In this post I will describe our formal approach to software development with agents. It allows the agent to operate autonomously but offers many chances to make sure the code is as you wish.

Formalize your goals and procedures

  • A document should be maintained with the overall plan and design of the project. This could be a .tex document describing the mathematical details of a model, or a collection of Markdown files that can be browsed using mkdocs. We use both.
  • Coding standards need to be laid down in detail. For claude these reside in a CLAUDE.md file, and also in code review subagents (see previous post).
  • Before making a code change, have an idea of how to validate that the code is working properly. Turn these into tests.

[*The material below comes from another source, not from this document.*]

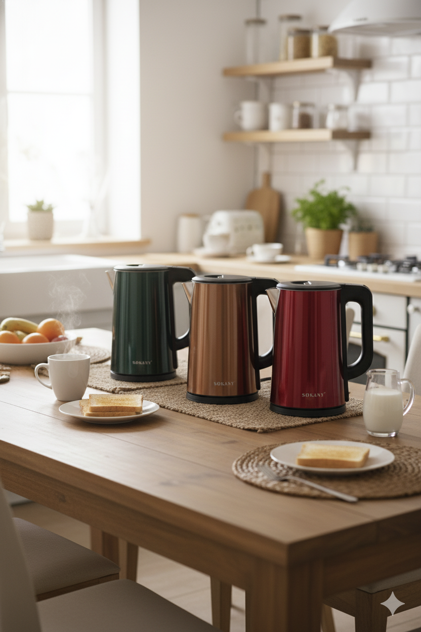 La Sokany SK-SH-1088 combina diseño moderno con un desempeño confiable. Con 2.5 litros de capacidad y 1200 W de potencia, permite calentar grandes cantidades de agua de manera rápida y eficiente, ideal para el hogar, oficina o negocios.

Begin each code change with an issue developed with the agent

The cycle begins with a new claude session by “onboarding” the agent: it reads the planning documents to understand what needs to be done. The goal is to develop a self-contained Markdown description of the code change, which will become a detailed issue. For bugfixes, it’s obvious what to specify.

For a new feature, make these code changes as small as possible. You can have claude read the current state of your code and your planning document, then propose the next minimal-but-nontrivial step. Making small steps from working-code to working-code makes for enjoyable debugging. Debugging major rewrites quickly becomes tedious.

I also like breaking down a single new feature into refactoring and implementation. Consider:

  1. What changes need to be made to the existing code to enable the new feature?
  2. How do we implement the new feature?

If the new issue is sizeable I suggest having one issue for each of these.

The goal of the first step is to maintain existing functionality, including all tests, but prepare “behind the scenes” for the new feature. For example, if we want a variant of an existing class, we can set up a superclass that factors out the common behavior between the existing and variant class.

The goal of the second step is to implement the new feature.

Each of these starts as an overview Markdown file providing the broad strokes of what is to be done, and once that looks good, it gets filled in with comprehensive code snippets. (For more on why detailed planning documents are essential, see the first principles post.)

Read these documents carefully and edit them directly or via your agent. Once you are satisfied, have claude raise them as issues using the gh command line tool (make sure to specify that the entire Markdown file should be used as the body of the issue). Note that you can use a code reviewer subagent to review and suggest additions to this file! This works very well in my experience, as the model can read the entire set of proposed changes at once.

☝️ This is the first opportunity you have to make sure that the code comes out as you want.

[A note on Test-driven development. Test-driven development is one of those “in theory” good things, but it requires significant discipline when coding by hand. When coding with an agent, it is much easier to do, and giving the agent a measure of success allows it to iterate independently. This step is the place to specify what tests you want.]

Let the agent execute the task

You can then start a new agent and point it at the issue. My prompt for this is:

Please read issue 64 using `gh`.
We are going to do the work described there.
Think hard to brainstorm clarifying questions.
If you have any such questions, STOP and ask them.
Once everything is clear, make sure we have pulled main and then make a new feature branch 64-... and get to work.
Don't get creative with the implementation-- copy code directly from the issue as a starting point.
Feel free to refine code as needed, but STOP if you start deviating from the issue significantly so we can discuss.
If everything is going well, please continue until the issue is done and all tests pass.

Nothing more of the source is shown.